*WHAT YOU SHOULD DO*: Could you repeat, exactly and with no pictures, only the lines from the start of the records through the line containing "Viejo reclamo. La"?

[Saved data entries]
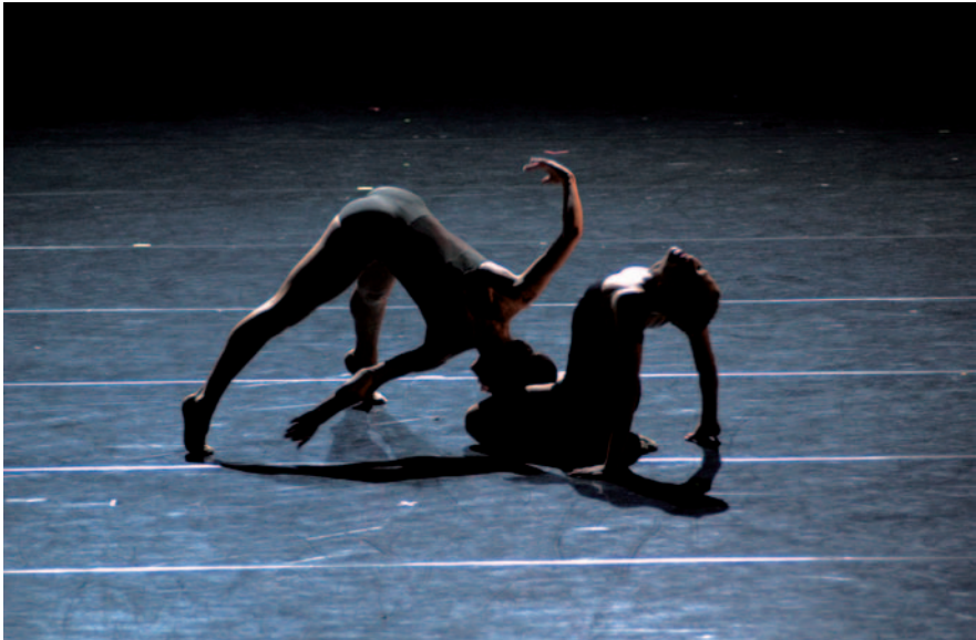
Abbildung 8: Choreografisch bedingte dunkle Beleuchtung
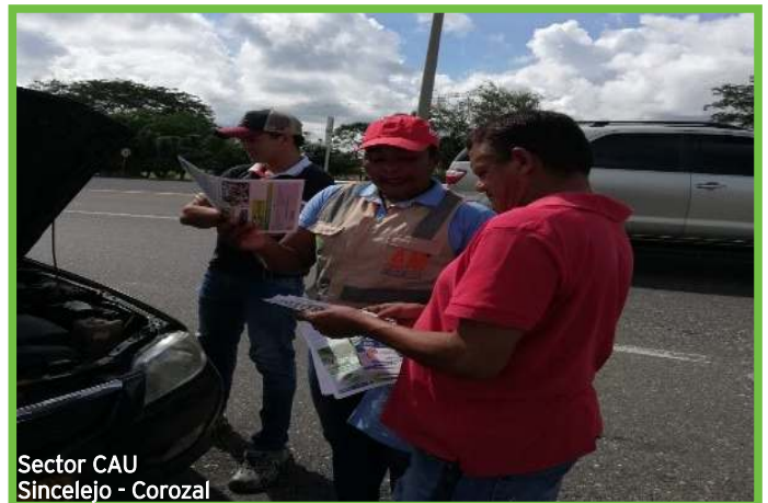
Sector CAU Sincelejo - Corozal
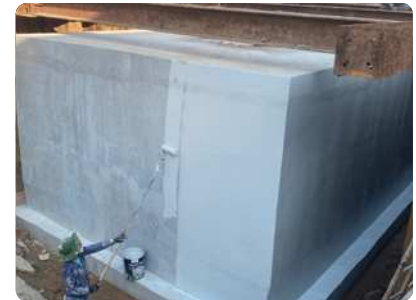
Bước 3: Thi công lớp phủ thứ 1 (nguyên chất) sau khi lớp lót kết thúc 24 giờ. Định mức: 0,5-0,6 kg/m 2
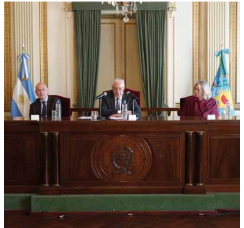
Viejo reclamo. La presentación que hizo la Corte puso en primer plano un proyecto de ley para dotar de autarquía al Poder Judicial.

Una encuesta de la consultora brasileña Atlas-Intel, que funciona en tándem con la agencia de noticias financiera estadounidense Bloomberg, confirmó lo que ya se sabía: que Milei está en su piso de imagen positiva, entre el 30 y el 35%. Pero agregó un dato sorprendente: en la cima de ese ítem aparece la trotskista Miriam Bregman, seguida de Kicillof y de Cristina Kirchner, en ese orden. No se trata de intención de voto, sino de imagen, lo que implica una diferencia fundamental. Pero consolida una idea con impacto concreto en el escenario: la que, hoy, la de que hoy les va bien a quienes se diferencian en forma
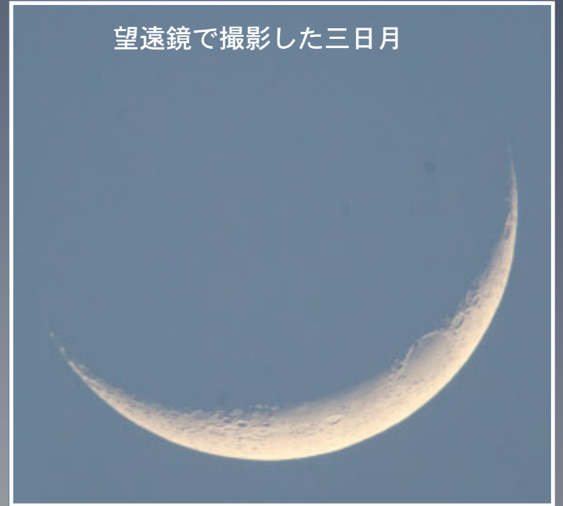
望遠鏡で撮影した三日月
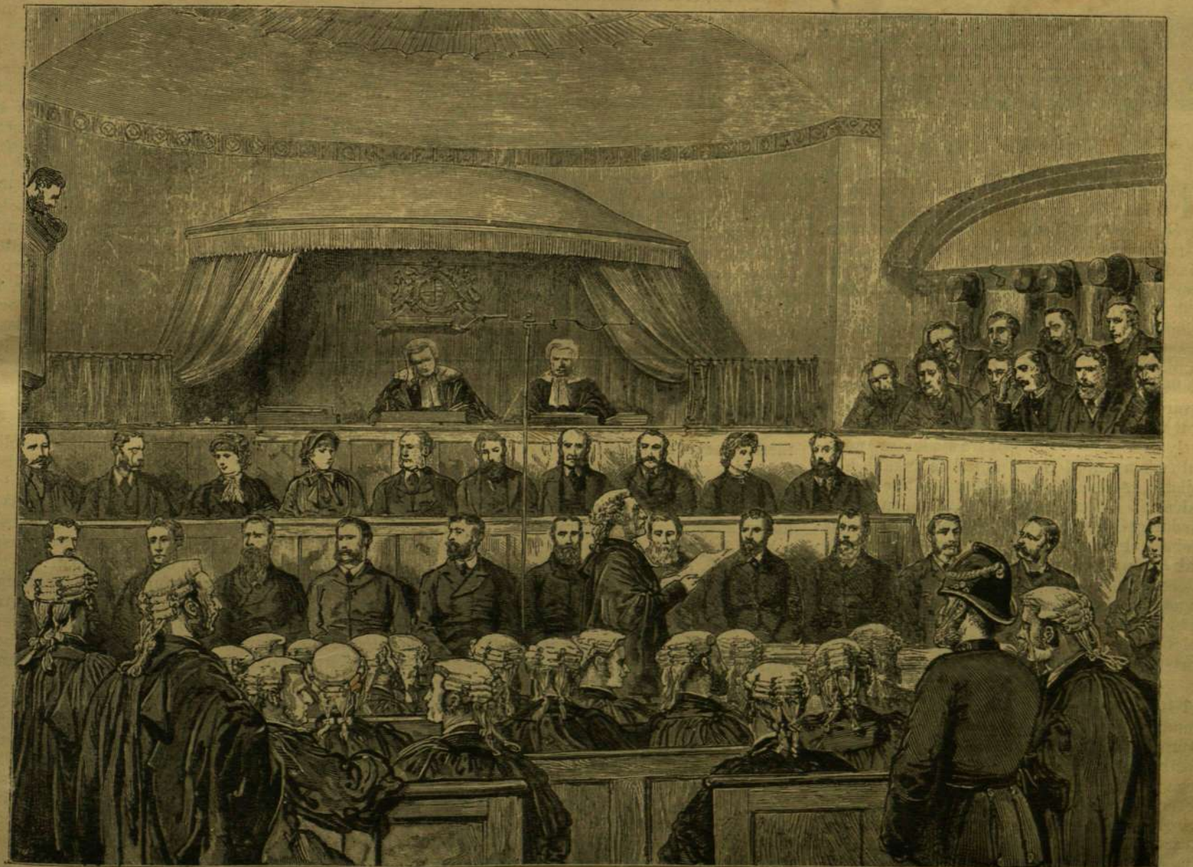
AZ IRLANDI LAND-LIGA PÖRÉNEK TÁRGYALÁSA DUBLINBAN.
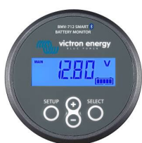
Detección de Bluetooth BMV-712 Smart Battery Monitor
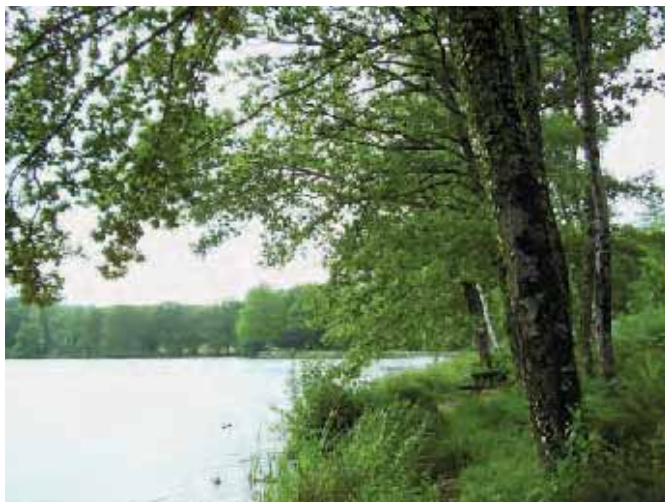
Etang de Breteix

*OUTPUT*:
Abbildung 8: Choreografisch bedingte dunkle Beleuchtung
Sector CAU Sincelejo - Corozal
Bước 3: Thi công lớp phủ thứ 1 (nguyên chất) sau khi lớp lót kết thúc 24 giờ. Định mức: 0,5-0,6 kg/m 2
Viejo reclamo. La presentación que hizo la Corte puso en primer plano un proyecto de ley para dotar de autarquía al Poder Judicial.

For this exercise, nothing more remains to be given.